[Stored records]
--------------------------------

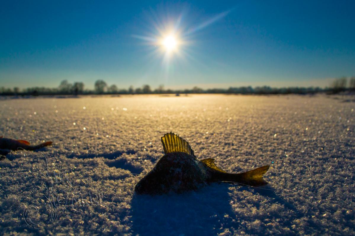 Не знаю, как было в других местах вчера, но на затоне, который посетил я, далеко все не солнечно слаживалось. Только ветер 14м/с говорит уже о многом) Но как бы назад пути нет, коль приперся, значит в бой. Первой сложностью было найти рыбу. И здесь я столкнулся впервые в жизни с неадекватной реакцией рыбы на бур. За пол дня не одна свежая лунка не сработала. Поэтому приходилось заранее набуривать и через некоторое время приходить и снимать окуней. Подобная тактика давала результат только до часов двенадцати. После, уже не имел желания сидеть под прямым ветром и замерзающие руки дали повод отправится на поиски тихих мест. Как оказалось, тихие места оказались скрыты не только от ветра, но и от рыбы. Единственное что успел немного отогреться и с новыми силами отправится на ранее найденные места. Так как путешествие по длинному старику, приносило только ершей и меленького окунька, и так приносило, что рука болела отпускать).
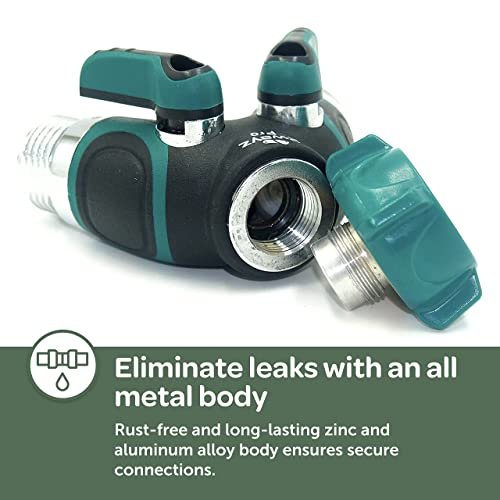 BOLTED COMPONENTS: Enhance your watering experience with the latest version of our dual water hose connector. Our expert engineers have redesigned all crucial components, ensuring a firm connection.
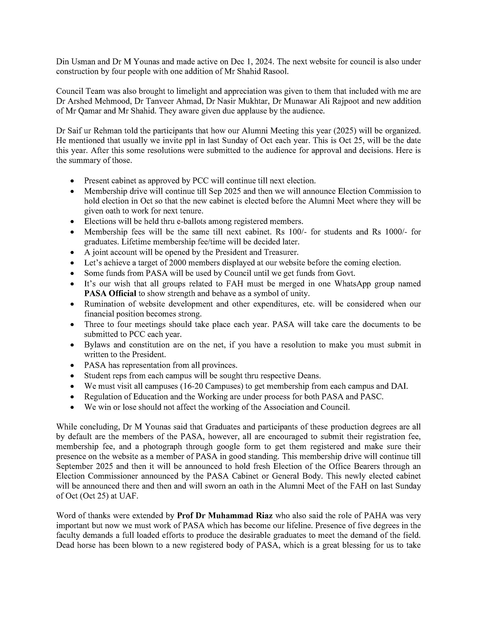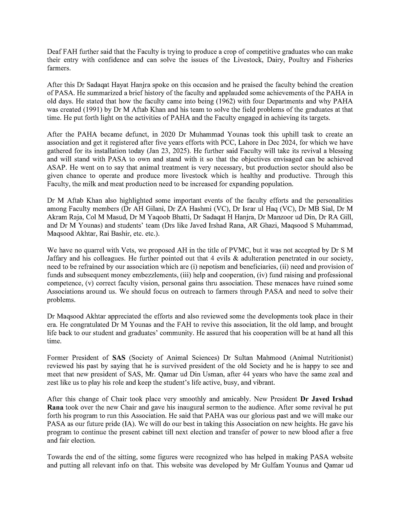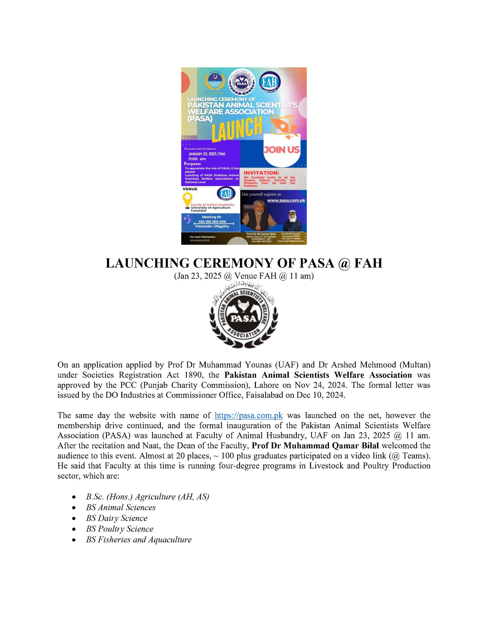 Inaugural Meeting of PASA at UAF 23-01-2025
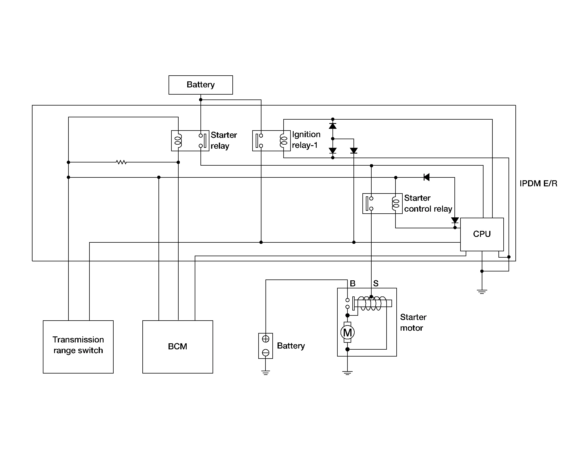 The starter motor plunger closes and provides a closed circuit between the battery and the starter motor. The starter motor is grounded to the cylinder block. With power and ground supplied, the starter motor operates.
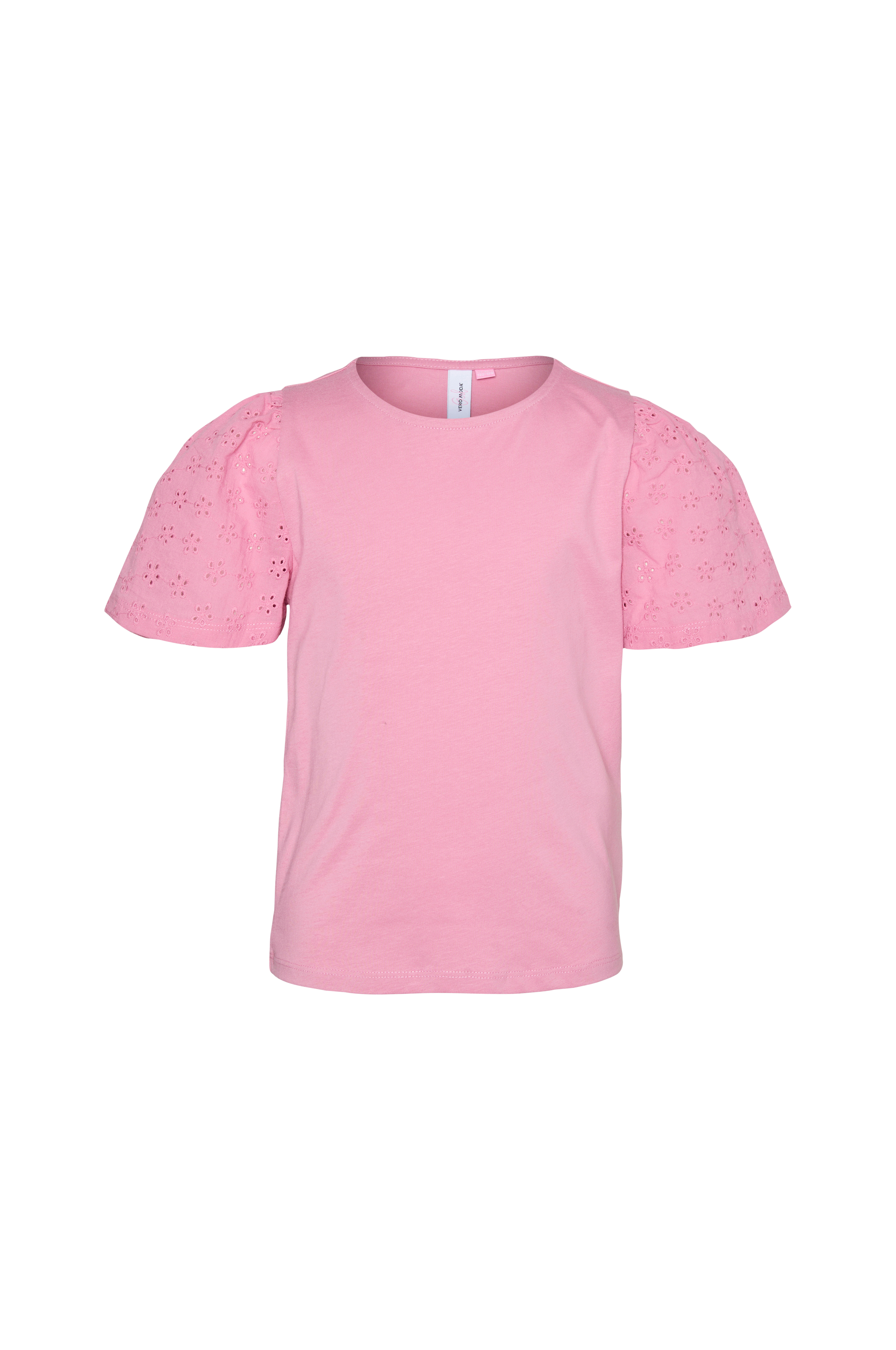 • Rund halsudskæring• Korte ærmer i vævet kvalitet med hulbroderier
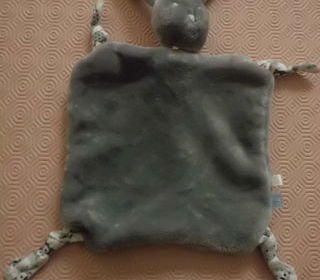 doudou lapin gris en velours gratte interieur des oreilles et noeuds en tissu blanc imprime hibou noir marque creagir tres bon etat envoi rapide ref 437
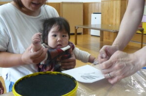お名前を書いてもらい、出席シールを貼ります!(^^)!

--------------------------------

* **About this task**: Each line of the data should be quoted exactly, with pictures left out.

* **Response below**:
 Не знаю, как было в других местах вчера, но на затоне, который посетил я, далеко все не солнечно слаживалось. Только ветер 14м/с говорит уже о многом) Но как бы назад пути нет, коль приперся, значит в бой. Первой сложностью было найти рыбу. И здесь я столкнулся впервые в жизни с неадекватной реакцией рыбы на бур. За пол дня не одна свежая лунка не сработала. Поэтому приходилось заранее набуривать и через некоторое время приходить и снимать окуней. Подобная тактика давала результат только до часов двенадцати. После, уже не имел желания сидеть под прямым ветром и замерзающие руки дали повод отправится на поиски тихих мест. Как оказалось, тихие места оказались скрыты не только от ветра, но и от рыбы. Единственное что успел немного отогреться и с новыми силами отправится на ранее найденные места. Так как путешествие по длинному старику, приносило только ершей и меленького окунька, и так приносило, что рука болела отпускать).
 BOLTED COMPONENTS: Enhance your watering experience with the latest version of our dual water hose connector. Our expert engineers have redesigned all crucial components, ensuring a firm connection.
 Inaugural Meeting of PASA at UAF 23-01-2025
 The starter motor plunger closes and provides a closed circuit between the battery and the starter motor. The starter motor is grounded to the cylinder block. With power and ground supplied, the starter motor operates.
 • Rund halsudskæring• Korte ærmer i vævet kvalitet med hulbroderier
 doudou lapin gris en velours gratte interieur des oreilles et noeuds en tissu blanc imprime hibou noir marque creagir tres bon etat envoi rapide ref 437
お名前を書いてもらい、出席シールを貼ります!(^^)!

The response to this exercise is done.